0.3. Zur Verzeichnung des Bestandes: Nach der Zusammenführung der Lagerbuchbestände im Hauptstaatsarchiv Stuttgart 1950 war die anschließende Neuordnung um 1960 im wesentlichen abgeschlossen. Damit konnte eine Neuverzeichnung in Angriff genommen werden. Angesichts der zu bewältigenden großen Mengen entwarfen H.-M. Maurer und H. Natale 1974 "Richtlinien zur Kurzverzeichnung von Lagerbüchern" und trieben die Erschließung der Lagerbuchselekte mit den bestehenden geringen Personalressourcen unter Einbeziehung von Auszubildenden und Aushilfskräften voran. Inzwischen liegen für den gesamten Bestand H 101 Konzeptverzeichnungen vor, die allerdings nur sehr eingeschränkt benutzt werden können. Die entsprechende Verzeichnung für das Oberamt Liebenzell wurde 1955/56 von G. Storz im Konzept fertiggestellt und später fortlaufend ergänzt. Bei der laufenden Überarbeitung dieser Konzeptverzeichnungen wird auf die in den Richtlinien vorgesehene systematische Neuerfassung von Reskripten und Notizen verzichtet. Aufgenommen werden lediglich die bereits erfassten Reskripte. Diese werden im "Enthält-Vermerk" ausgewiesen und bei der Gesamtlaufzeit des Bandes berücksichtigt. Der Verzeichnung liegt folgendes Schema zugrunde: 1. Bandnummer, 2. Titel, 3. Genetische Stufe und Behördenprovenienz, 4. eventuelle Register, 5. Renovator(en), 6. Inhalte und Darstellungsweise, 7. Orte, 8. Urkunden, 9. äußere Bandbeschreibung, 10. enthaltene Beilagen oder Reskripte, 11. Vorsignaturen, 12. Umfang, 13. Jahr der Anlage. Die Angaben zum Titel orientieren sich soweit als möglich an den auf den Vorsatzblättern zu findenden Innentiteln der Bände. Weiterhin erfolgte eine Neusignierung entsprechend dem gängigen Signaturschema der Lagerbuchselekte: Die bestehende Durchnummerierung wird durch Zwischennummern für die einzelnen Ämter (H 101/1 Altensteig bis H 101/64 Winnenden) mit jeweiliger Neuzählung der einzelnen Bände eines Bestandes ersetzt.
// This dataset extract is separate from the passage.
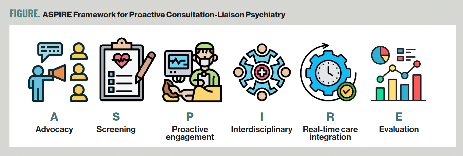 Proactive C-L psychiatry is an integrative care model for medical and surgical inpatients that aims to enhance the value provided to patients, clinicians, and health care systems. The ASPIRE framework highlights key components of proactive C-L psychiatry (

Alte und neue Signaturen können der Konkordanz entnommen werden. Die Bearbeitung der vorhandenen Titelaufnahmen des Bestandes H 101/34 übernahm im Dezember 2008 unter Anleitung des Unterzeichneten der Archivreferendar Joachim Brüser. Die Endredaktion gestaltete der Unterzeichnete. Der Bestand umfasst nun 14 Bände, in denen 30 Urkundenabschriften ausgewiesen sind, bzw. 1,50 Regalmeter. Stuttgart, im März 2009 Franz Moegle-Hofacker

0.4 Literaturverzeichnis: - Dagmar Kraus, Lagerbücher als Quelle der Amts- und Ortsgeschichte - Aspekte der Auswertung von Urbaren des 15. bis 17. Jahrhunderts am Beispiel der Lagerbücher des Amts Liebenzell (mit einer Edition der Lagerbücher von 1606-1910), Stuttgart 1995. - Gregor Richter, Lagerbücher- oder Urbarlehre. Hilfswissenschaftliche Grundzüge nach württembergischen Quellen (Veröffentlichungen der staatlichen Archivverwaltung Baden-Württemberg; 36), Stuttgart 1979.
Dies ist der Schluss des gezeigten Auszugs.